No cabe duda de que, hoy por hoy, nadie está en condiciones de afirmar o de negar categóricamente que la calidad de nuestro sistema educativo hubiera mejorado sin la existencia de esa complicada maraña de asesores, de orientadores escolares y de inspectores sin ninguna formación pedagógica, que han contribuido a la imposición de un modelo de enseñanza psicologizado que ellos mismos desconocían. Mientras no contemos con rigurosos estudios evaluativos que demuestren lo contrario, pienso que merecería la pena que las administraciones educativas propiciaran la puesta en práctica de medidas innovadoras semejantes a las que a continuación propongo.

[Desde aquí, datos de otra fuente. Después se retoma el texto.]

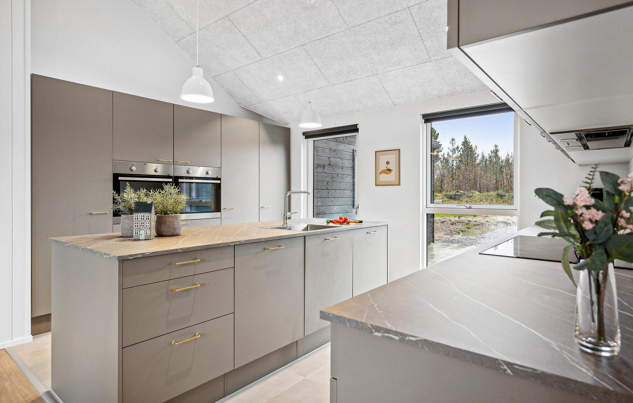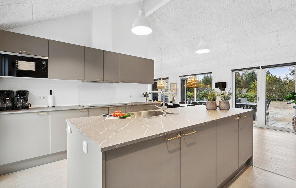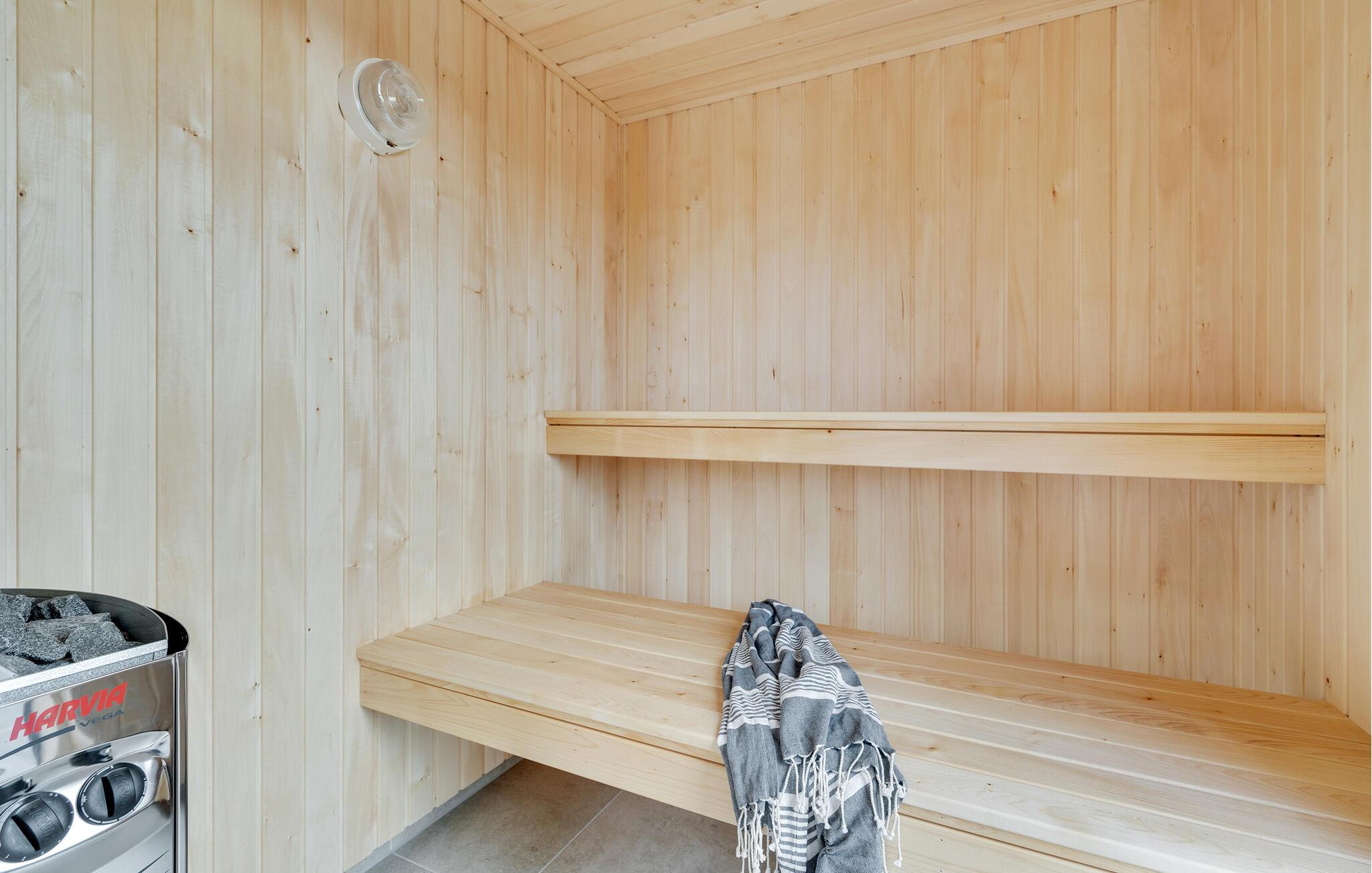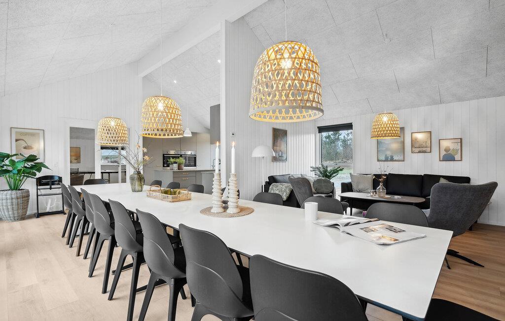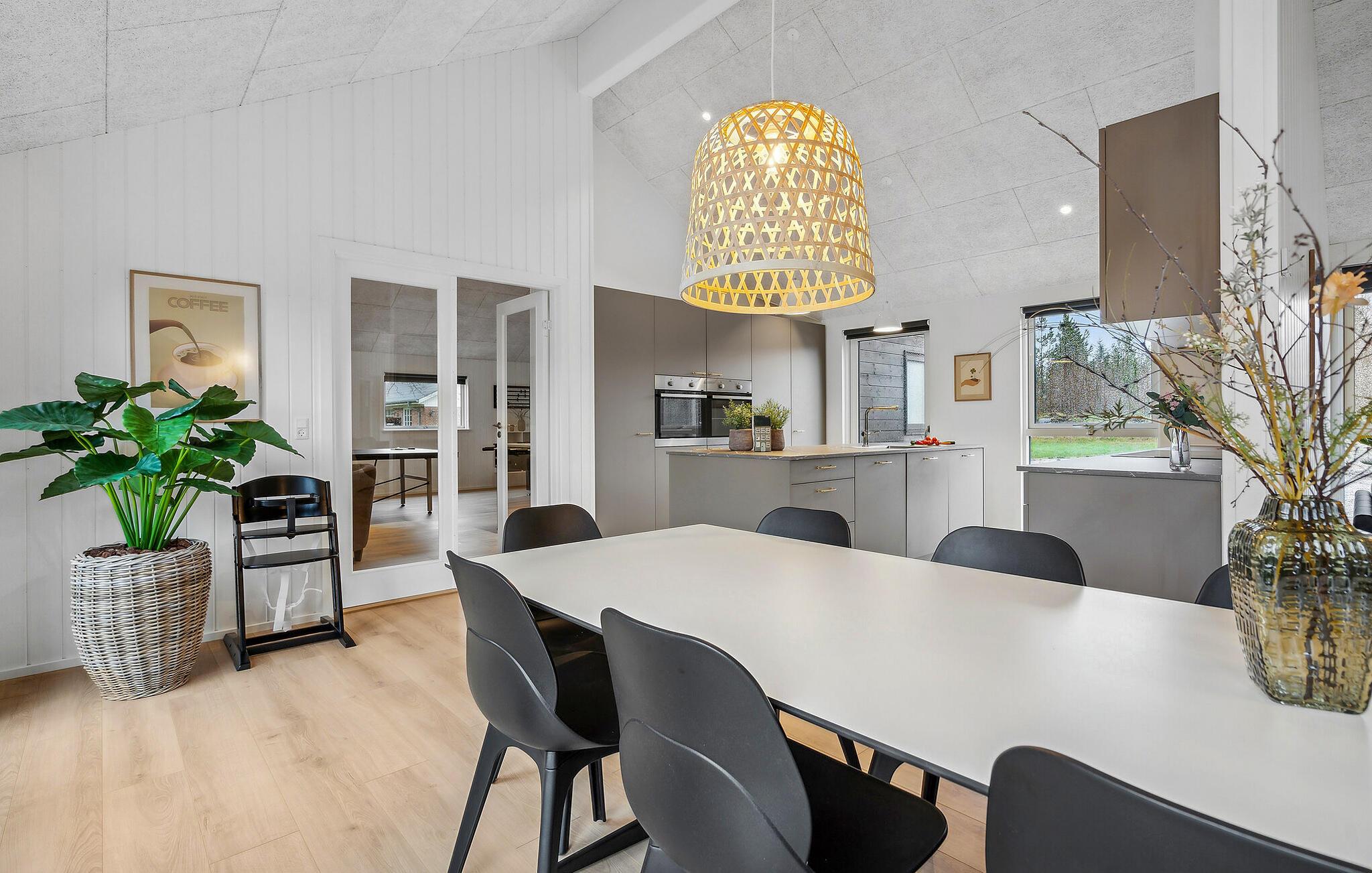 Lyse farver, højt til loftet og stilfulde lamper skaber en rolig og moderne atmosfære i jeres elegante feriehus. Tag plads i opholdsområdet, og nyd afslappede timer i de komfortable sofaer og lænestole. Tilbring tid sammen omkring det lange spisebord, som er ideelt til lækre måltider og hyggelige spilleaftener. Tilbered jeres retter i det åbne køkken med køkkenø, der byder på rigelig arbejdsplads og moderne udstyr. Træk jer tilbage til aktivitetsområdet for at spille billard, bordtennis eller dart. Benyt poolen til rolige svømmeture og forkæl jer selv med behagelig varme i saunaen.

 Acabar con la vieja escuela graduada y, en su lugar, propiciar un modelo de escuela absolutamente flexible que sea capaz de satisfacer las heterogéneas necesidades de la diversidad del alumnado. Congelar urgentemente el modelo burocrático y jerarquizado de asesoramiento y de formación permanente del profesorado actualmente vigente. Diseñar un marco curricular totalmente abierto y carente de tecnicismos psicológicos y pedagógicos que nada tienen que ver con la realidad escolar, en el que las competencias de la administración educativa se reduzcan a la elaboración de unos objetivos mínimos y a la inspección de su cumplimiento, dejando plena autonomía a los centros para que lo adapten a la realidad cambiante de su entorno, siempre y cuando se dote a los colegios de las condiciones mínimas para que puedan desarrollar el curriculum de forma flexible. Elaborar un estatuto del profesorado, totalmente democrático y consensuado, que mejore la imagen social de los profesores, reforzando su autoridad y mejorando sus condiciones laborales y salariales. Reestructurar los actuales equipos psicopedagógicos para que su función principal no sea la de diagnosticar a los alumnos, sino la de diagnosticar los males del sistema y ayudar al profesorado de manera eficiente. Contratar jóvenes profesores en prácticas para que actúen como auxiliares del profesorado titular. Diseñar un nuevo modelo de formación del profesorado que pueda encajar en las exigencias de la convergencia europea de la enseñanza superior, pero que al mismo tiempo imite al de aquellos países de nuestro entorno que obtienen los mejores resultados en las evaluaciones internacionales, no solo a nivel de los planes de estudio sino también en lo que respecta al reclutamiento y formación de los profesores de las Facultades de Educación.